Setting aside the anxieties of navigating the cultural and medical advice out there, there has been some joy in eating and drinking my way through this pregnancy. My newsletter tells me that, as of this week, the future person in my uterus is developing its sense of smell and taste. The flavors from my meals are working their way from my mouth, through my bloodstream, and into the amniotic fluid surrounding the baby. It’s an excuse to get out of the apartment and visit the eastern Mediterranean place around the corner that we love, or scoop extra wasabi onto my chopsticks. I love blue cheese. It was one of my earliest favorite foods. I could have it with anything: ravioli, grilled peaches, salad pizza, a chocolate bar. My partner hates it. With every bite of blue cheese, I’m growing an ally who will someday be my eyes and ears and make sure it never gets left behind at the grocery store.
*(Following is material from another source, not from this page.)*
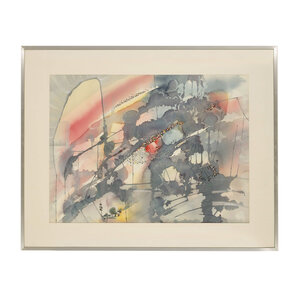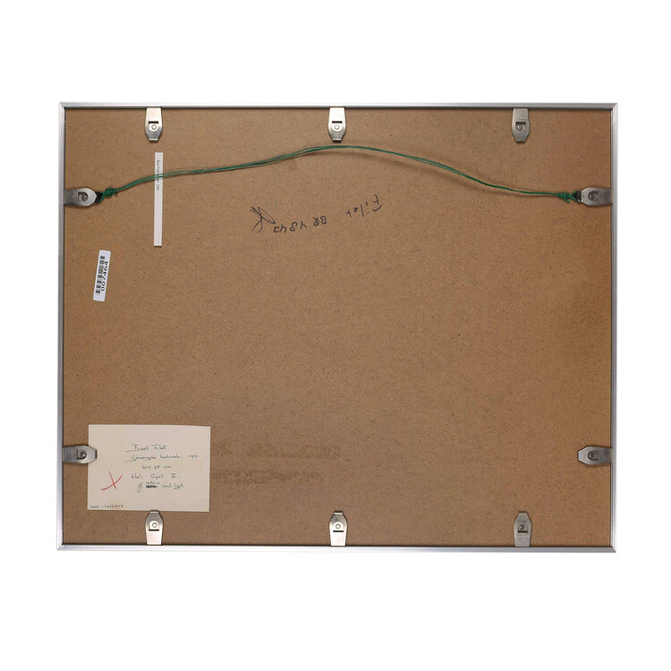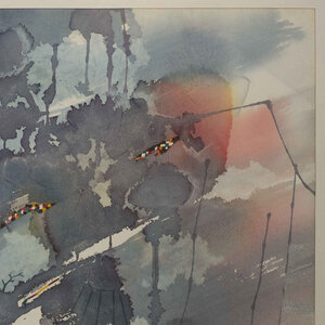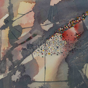 Bart Filet, Cycli II, 1991. Gemengde techniek op papier in metalen lijst. Abstracte voorstelling van kleurrijke vlakken en lijnen, linksonder een huisje met bomen. Rechtsonder signatuur en jaar. Conditie: goed, gebruikssporen aan lijst. Afmetingen: 60 x 75 cm.

I’ve become a loyal customer to some of the non-alcoholic beverage stores that have opened in New York City over the last few years. I’m no fan of gin, but there’s a company called St. Agrestis that makes a “Phony Negroni” that is so good, I’ll have to give the real thing another shot postpartum. The Lagunitas IPNA has all the hoppy, fruity, bitter notes that you could ever want from the real thing. The Grüvi Pale Ale fits right in with a burger and fries. I haven’t dabbled in “wine” yet. Something about that feels unholy. (Update: I have, and it is.)

Every time I go in to see my doctor, I have a new handful of food questions for her. I know I should try my best to ignore the noise, and pretend her simple ‘no mercury, no alcohol’ mantra is tattooed onto the insides of my eyelids. But I can’t help it. The stakes of getting it wrong are kind of high. She usually looks at me like I have a head injury and asks quizzically where I’m hearing these things. Lemongrass is fine. 

I gesture wildly to out there.

At least in a few months, I can go back to absentmindedly perusing Seamless and getting whatever looks good. Then again, maybe not. This week’s newsletter cautions that there are “5 things to look out for” in the baby food aisle. We’ll see what our pediatrician has to say.


Kate Preziosi is a writer in New York City. Previously, she worked at theSkimm, where she was a founding team member, and The Wall Street Journal.